Genauso wenig überrascht die Nennung von Frankreich. Dort verabschiedete die Nationalversammlung in diesem Jahr den „bonus écologique“. Dahinter verbirgt sich ein Kaufprämie in Höhe von maximal 2.500 Euro. Die erhält, wer sein altes Auto stilllegt und sich als Ersatz beispielsweise ein E-Cargobike anschafft.

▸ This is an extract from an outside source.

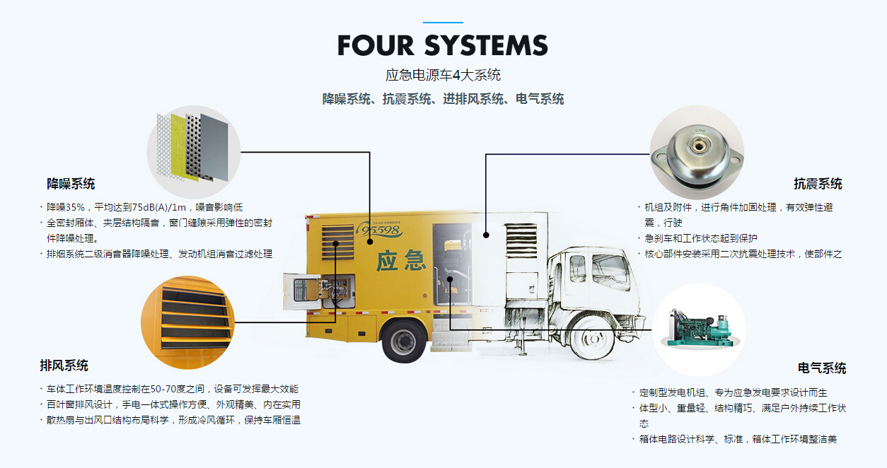 移動電源車由二類汽車底盤,靜音廂體,柴油發動機,發電機組,控制系統,內外照明裝置,輸配電裝置,電纜卷盤,電源輸入,輸出接口,液壓支腿等構成。

Tatsächliches Geschehen bleibt ungewiss
In welche Richtung sich die Verkaufszahlen für 2021 entwickeln, werden wirklich zuverlässig wohl dennoch nur die Statistiken der Industrieverbände in den jeweiligen Ländern widerspiegeln. Die „European Cargo Bike Industry Survey“ kann dies jedenfalls nicht leisten. Sie ist eher als Stimmungsbarometer zu interpretieren, denn als valide wissenschaftliche Prognose und bildet vielmehr Wachstumserwartungen ab. Wie erwähnt, haben lediglich 38 Lastenrad-Hersteller an der anonymen Online-Umfrage von Mai bis Juni dieses Jahres mitgemacht. Mit 14 Firmen stammte die größte Fraktion darunter aus Deutschland. Immerhin sechs haben ihren Sitz in den Niederlanden und vier in Frankreich. Neben zwölf Herstellern aus weiteren europäischen Ländern nahmen auch zwei aus Asien teil. Initiiert wurde die bereits zweite Ausgabe der Umfrage vom Blog cargobike.jetzt, dem europäischen Radfahrerverband ECF, dem europäischen Fahrradindustrieverband CIE, dem europäischen Fahrrad-Logistik-Verband ECLF sowie der Technischen Universität Krakau. Die Befragung unterscheidet nicht zwischen der privaten und gewerblichen Nutzung eines Fahrrades.
Zum jetzigen Zeitpunkt ist eine verlässliche Vorhersage für Deutschland gleichfalls schwierig. Aufgrund der Verkaufszahlen aus dem ersten Halbjahr erwartet der Zweirad-Industrie-Verband ZIV erneut ein starkes Jahr. Aufgrund der weiterhin sehr angespannten Verfügbarkeit von verschiedenen Fahrradkomponenten könnten jedoch etwas weniger E-Bikes verkauft werden als 2020. Im Sommer schätzt der ZIV schätzte den möglichen Rückgang auf 2,6 Prozent.